### Exercise details:
For this exercise, print the listing below exactly, without its pictures.

### Data:
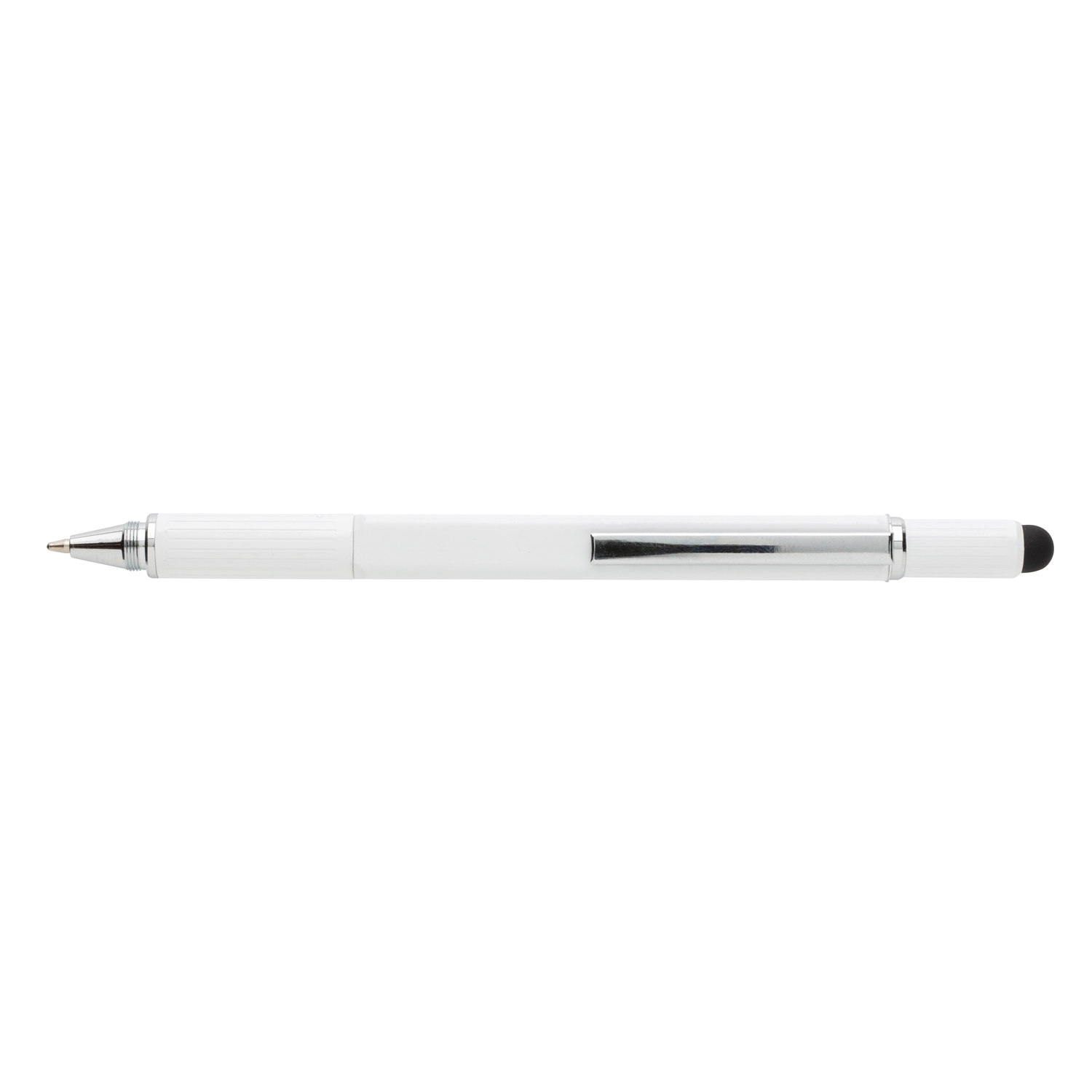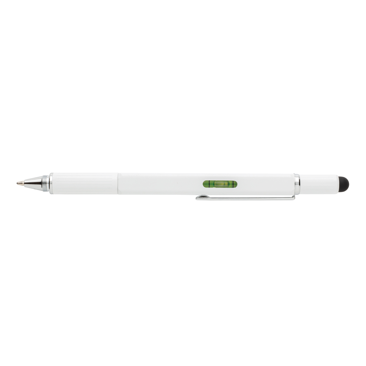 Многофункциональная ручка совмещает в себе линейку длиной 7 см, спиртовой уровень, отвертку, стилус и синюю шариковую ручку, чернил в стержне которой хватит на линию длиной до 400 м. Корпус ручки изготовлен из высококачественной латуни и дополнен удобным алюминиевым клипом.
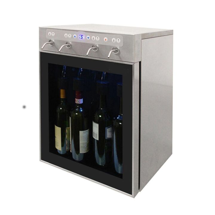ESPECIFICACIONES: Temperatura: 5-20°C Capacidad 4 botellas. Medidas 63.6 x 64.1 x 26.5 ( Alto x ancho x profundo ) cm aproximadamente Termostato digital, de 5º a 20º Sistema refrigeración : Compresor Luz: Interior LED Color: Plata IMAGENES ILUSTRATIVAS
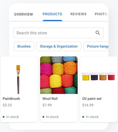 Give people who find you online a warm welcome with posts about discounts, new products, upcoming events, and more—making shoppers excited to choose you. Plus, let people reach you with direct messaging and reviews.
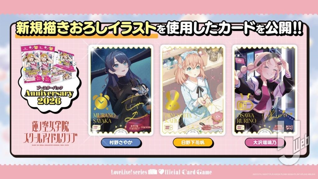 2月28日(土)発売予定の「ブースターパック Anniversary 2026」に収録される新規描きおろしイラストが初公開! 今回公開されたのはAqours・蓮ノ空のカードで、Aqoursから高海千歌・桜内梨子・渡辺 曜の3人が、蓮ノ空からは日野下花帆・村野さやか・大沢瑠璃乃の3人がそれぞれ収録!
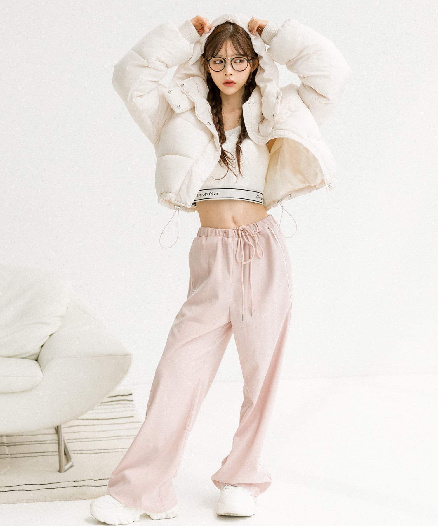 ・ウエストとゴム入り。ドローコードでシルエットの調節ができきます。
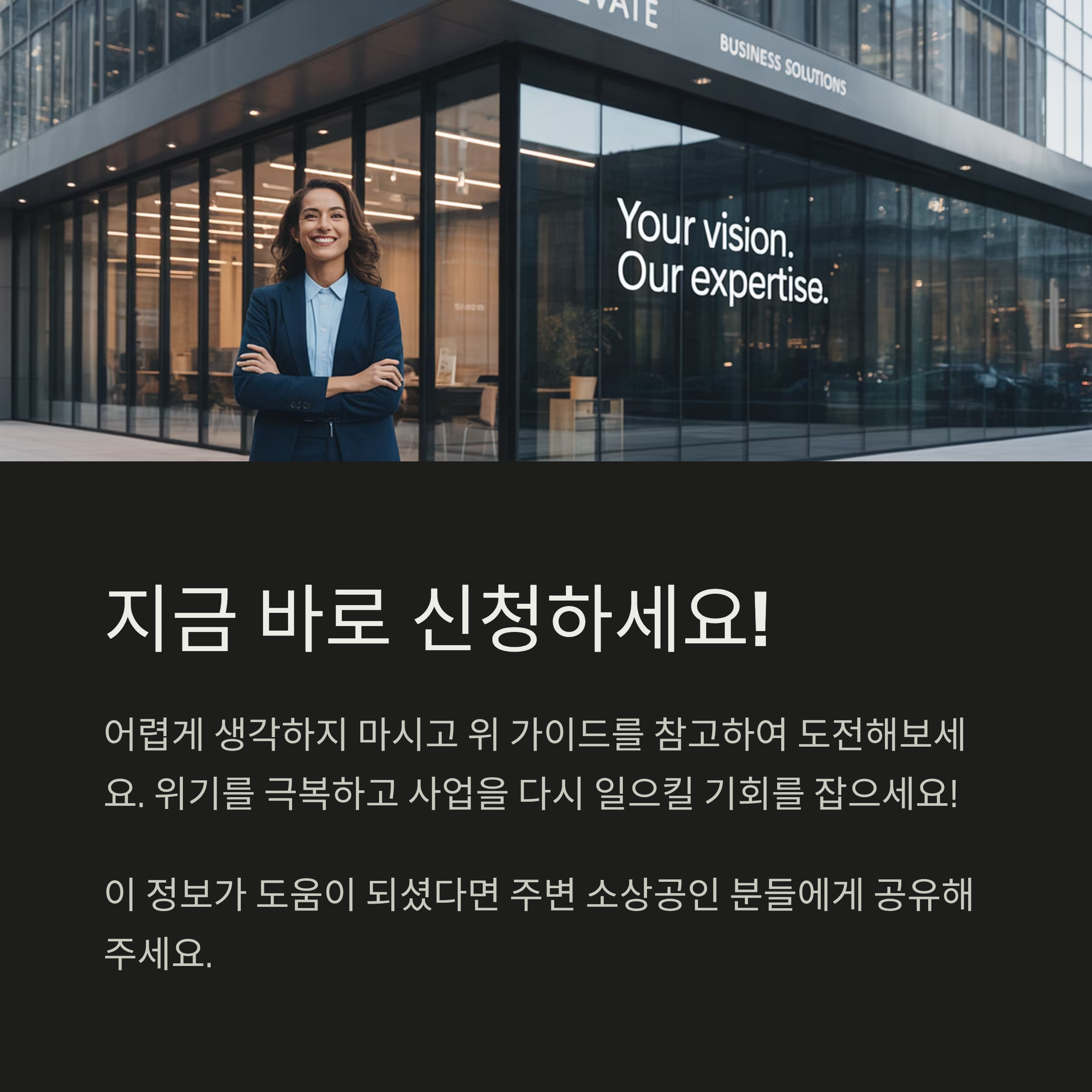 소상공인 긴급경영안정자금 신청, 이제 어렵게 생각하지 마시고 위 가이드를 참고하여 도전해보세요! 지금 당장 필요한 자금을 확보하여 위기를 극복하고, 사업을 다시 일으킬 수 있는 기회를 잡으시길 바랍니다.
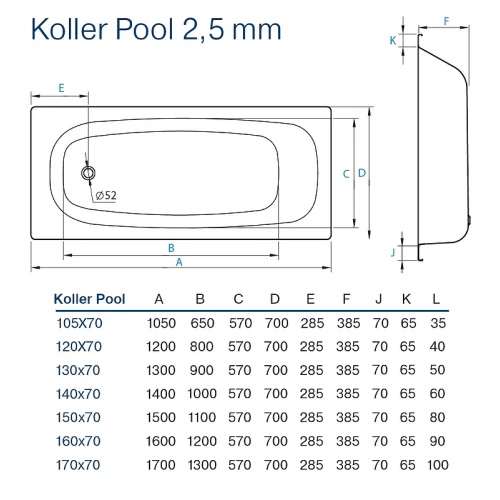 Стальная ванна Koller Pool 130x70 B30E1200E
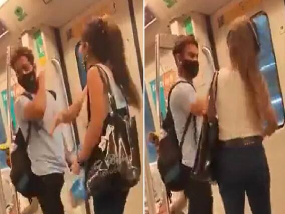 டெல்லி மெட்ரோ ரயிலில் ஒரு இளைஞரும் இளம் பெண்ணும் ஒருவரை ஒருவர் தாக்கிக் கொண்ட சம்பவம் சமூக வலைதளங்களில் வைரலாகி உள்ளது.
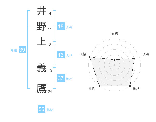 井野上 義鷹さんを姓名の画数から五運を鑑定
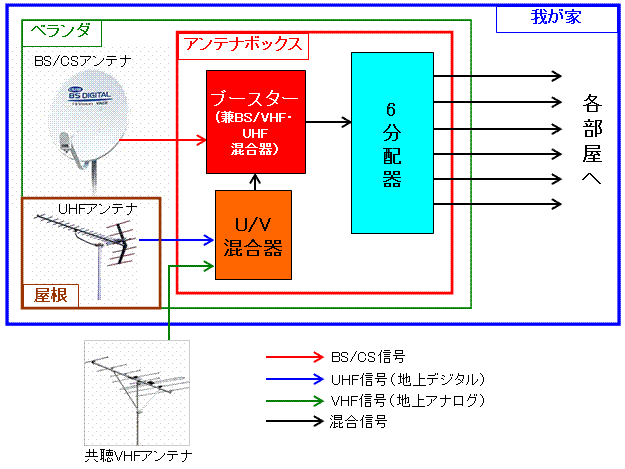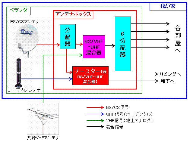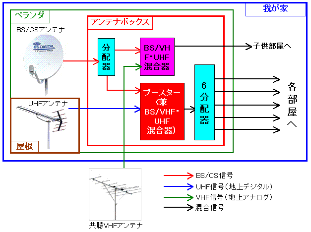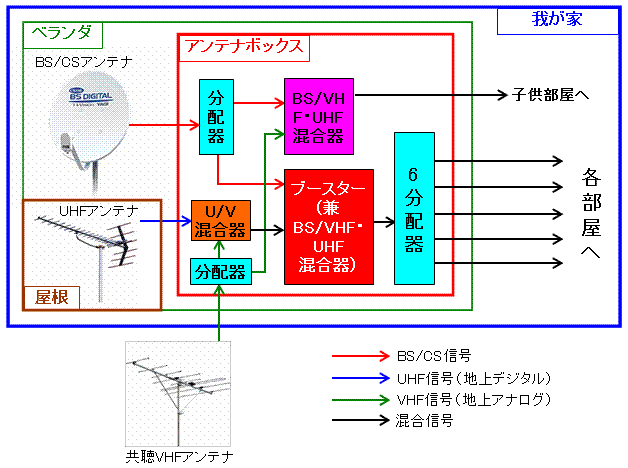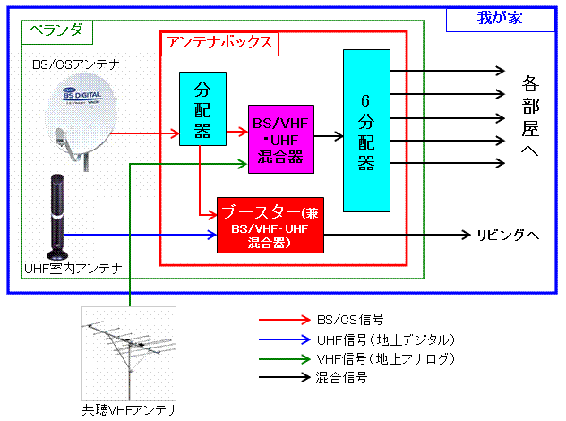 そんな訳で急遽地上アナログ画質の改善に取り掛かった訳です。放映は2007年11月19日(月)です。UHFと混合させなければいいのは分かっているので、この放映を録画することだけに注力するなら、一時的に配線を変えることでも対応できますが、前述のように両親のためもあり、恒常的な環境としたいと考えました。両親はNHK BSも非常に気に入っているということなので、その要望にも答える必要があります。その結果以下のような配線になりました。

### Exercise solution:
 Многофункциональная ручка совмещает в себе линейку длиной 7 см, спиртовой уровень, отвертку, стилус и синюю шариковую ручку, чернил в стержне которой хватит на линию длиной до 400 м. Корпус ручки изготовлен из высококачественной латуни и дополнен удобным алюминиевым клипом.
ESPECIFICACIONES: Temperatura: 5-20°C Capacidad 4 botellas. Medidas 63.6 x 64.1 x 26.5 ( Alto x ancho x profundo ) cm aproximadamente Termostato digital, de 5º a 20º Sistema refrigeración : Compresor Luz: Interior LED Color: Plata IMAGENES ILUSTRATIVAS
 Give people who find you online a warm welcome with posts about discounts, new products, upcoming events, and more—making shoppers excited to choose you. Plus, let people reach you with direct messaging and reviews.
 2月28日(土)発売予定の「ブースターパック Anniversary 2026」に収録される新規描きおろしイラストが初公開! 今回公開されたのはAqours・蓮ノ空のカードで、Aqoursから高海千歌・桜内梨子・渡辺 曜の3人が、蓮ノ空からは日野下花帆・村野さやか・大沢瑠璃乃の3人がそれぞれ収録!
 ・ウエストとゴム入り。ドローコードでシルエットの調節ができきます。
 소상공인 긴급경영안정자금 신청, 이제 어렵게 생각하지 마시고 위 가이드를 참고하여 도전해보세요! 지금 당장 필요한 자금을 확보하여 위기를 극복하고, 사업을 다시 일으킬 수 있는 기회를 잡으시길 바랍니다.
 Стальная ванна Koller Pool 130x70 B30E1200E
 டெல்லி மெட்ரோ ரயிலில் ஒரு இளைஞரும் இளம் பெண்ணும் ஒருவரை ஒருவர் தாக்கிக் கொண்ட சம்பவம் சமூக வலைதளங்களில் வைரலாகி உள்ளது.
 井野上 義鷹さんを姓名の画数から五運を鑑定
 そんな訳で急遽地上アナログ画質の改善に取り掛かった訳です。放映は2007年11月19日(月)です。UHFと混合させなければいいのは分かっているので、この放映を録画することだけに注力するなら、一時的に配線を変えることでも対応できますが、前述のように両親のためもあり、恒常的な環境としたいと考えました。両親はNHK BSも非常に気に入っているということなので、その要望にも答える必要があります。その結果以下のような配線になりました。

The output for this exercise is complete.